Aim of the task ::
Retype exactly the lines below, starting with the line that contains "Users in demo" and ending with the last line; leave out any pictures.

Supplied information ::
•••

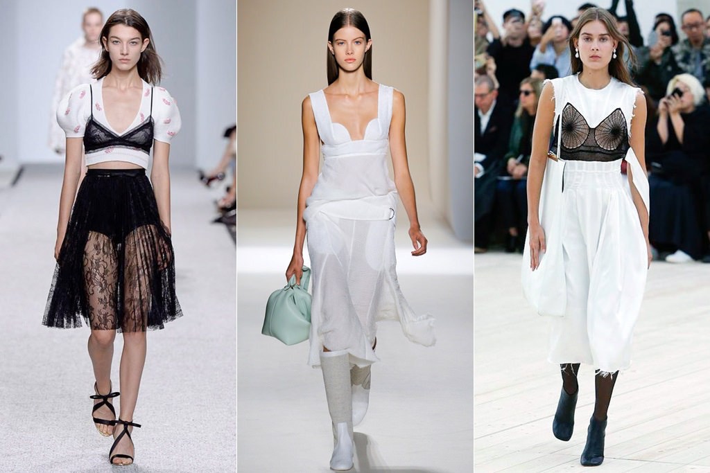 Una tendencia muy innovadora que llega con mucha fuerza: sujetadores y corsés por encima de la ropa o simplemente dejándolos a la vista. Debemos combinarlos con ropa sencilla para que pueda destacar la lencería.
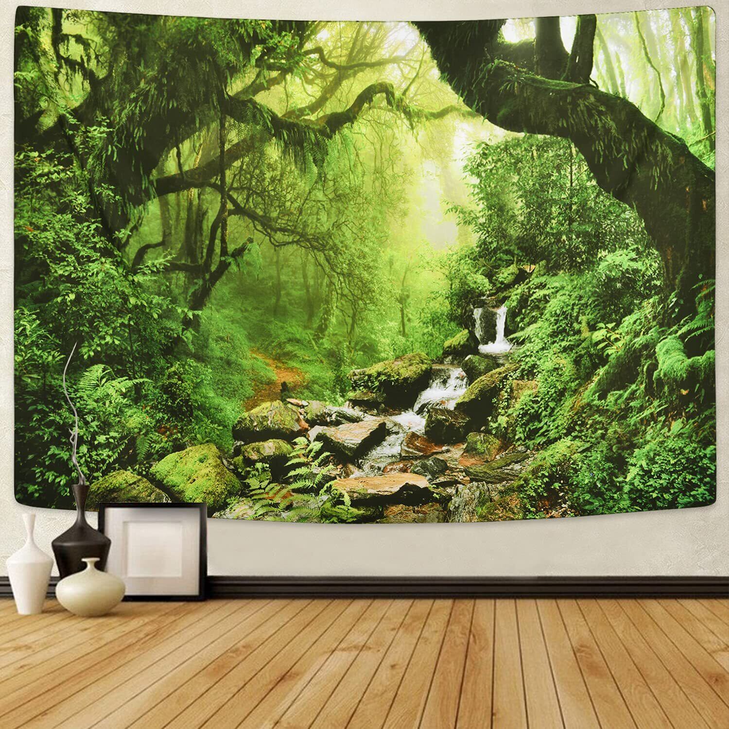 【数量限定】Pknoclan 森タペストリー 木 渓流柄壁掛けタペストリー 自然風景壁掛け布 210x150cm大判布ポスター 部屋 窓 模様替え インテリア飾り
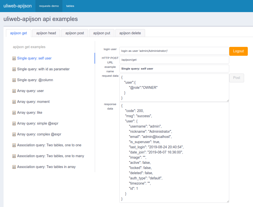 Users in demo for test: admin/usera/userb/userc , password: 123
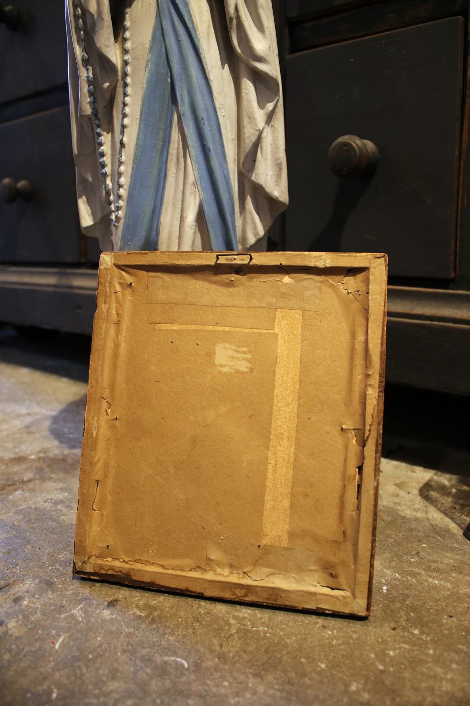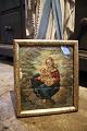 Antikt håndmalet akvarel maleri af Madonna med Jesusbarnet , indrammet i gammel sølvramme med fin patina. Måler: 22x19cm.

•••

Your response ::
 Users in demo for test: admin/usera/userb/userc , password: 123
 Antikt håndmalet akvarel maleri af Madonna med Jesusbarnet , indrammet i gammel sølvramme med fin patina. Måler: 22x19cm.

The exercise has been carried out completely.